- WHAT THE EXERCISE ASKS -
Pictures in the data must not be copied, but everything else should be output exactly.
(Beginning of DATA SECTION)
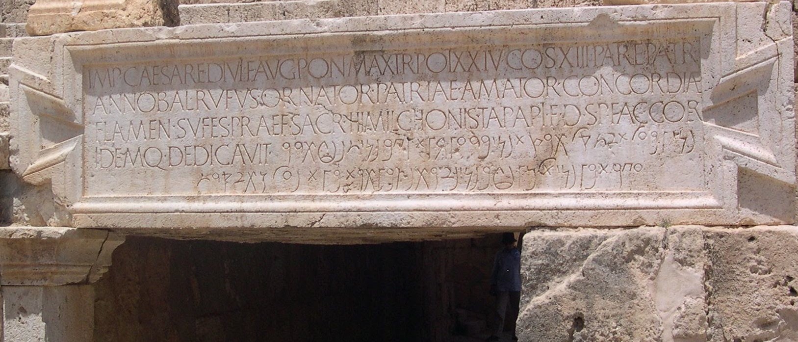 i. When Emperor Caesar Augustus, son of the deified (scil. Caesar), chief priest, (scil. was) holding tribunician power for the twenty-fourth time, consul for the thirteenth, father of the country, Annobal Rufus, adorner of his country, lover of concord, flamen (local priest), sufete, in charged of sacred things, son of Himilcho Tapapius, saw to the construction at his own expense and also dedicated it.
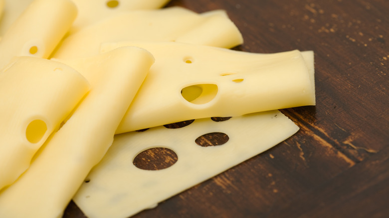 Let's talk about the process of making Swiss cheese. As its name implies, it's an Alpine-style cheese that's traditionally low in salt and heavy in brine. Its lower salt content is what allows the potent earthiness of Swiss to stand out, rather than a salty forefront like with many other cheeses. The result? A cheese that loves (good) bacteria, which releases carbon dioxide bubbles, creating the classic hole-y cheese we're familiar with. This authentic Swiss is what you'll find in most delis, with a strong flavor and an even stronger scent. Even Boar's Head offers an imported version of this cheese that's traditionally low in salt and high in flavor.
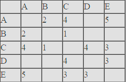 Между населёнными пунктами A, B, C, D, E построены дороги, протяжённость которых (в километрах) приведена в таблице. |
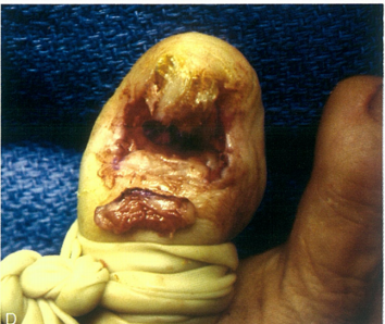 ·加深切口的背侧和跖侧直至趾骨,梭形组织最宽处为4-5mm,切除组织应该是正常、无炎症、无感染的组织;
(End of DATA SECTION)
- ANSWER -
 i. When Emperor Caesar Augustus, son of the deified (scil. Caesar), chief priest, (scil. was) holding tribunician power for the twenty-fourth time, consul for the thirteenth, father of the country, Annobal Rufus, adorner of his country, lover of concord, flamen (local priest), sufete, in charged of sacred things, son of Himilcho Tapapius, saw to the construction at his own expense and also dedicated it.
 Let's talk about the process of making Swiss cheese. As its name implies, it's an Alpine-style cheese that's traditionally low in salt and heavy in brine. Its lower salt content is what allows the potent earthiness of Swiss to stand out, rather than a salty forefront like with many other cheeses. The result? A cheese that loves (good) bacteria, which releases carbon dioxide bubbles, creating the classic hole-y cheese we're familiar with. This authentic Swiss is what you'll find in most delis, with a strong flavor and an even stronger scent. Even Boar's Head offers an imported version of this cheese that's traditionally low in salt and high in flavor.
 Между населёнными пунктами A, B, C, D, E построены дороги, протяжённость которых (в километрах) приведена в таблице. |
 ·加深切口的背侧和跖侧直至趾骨,梭形组织最宽处为4-5mm,切除组织应该是正常、无炎症、无感染的组织;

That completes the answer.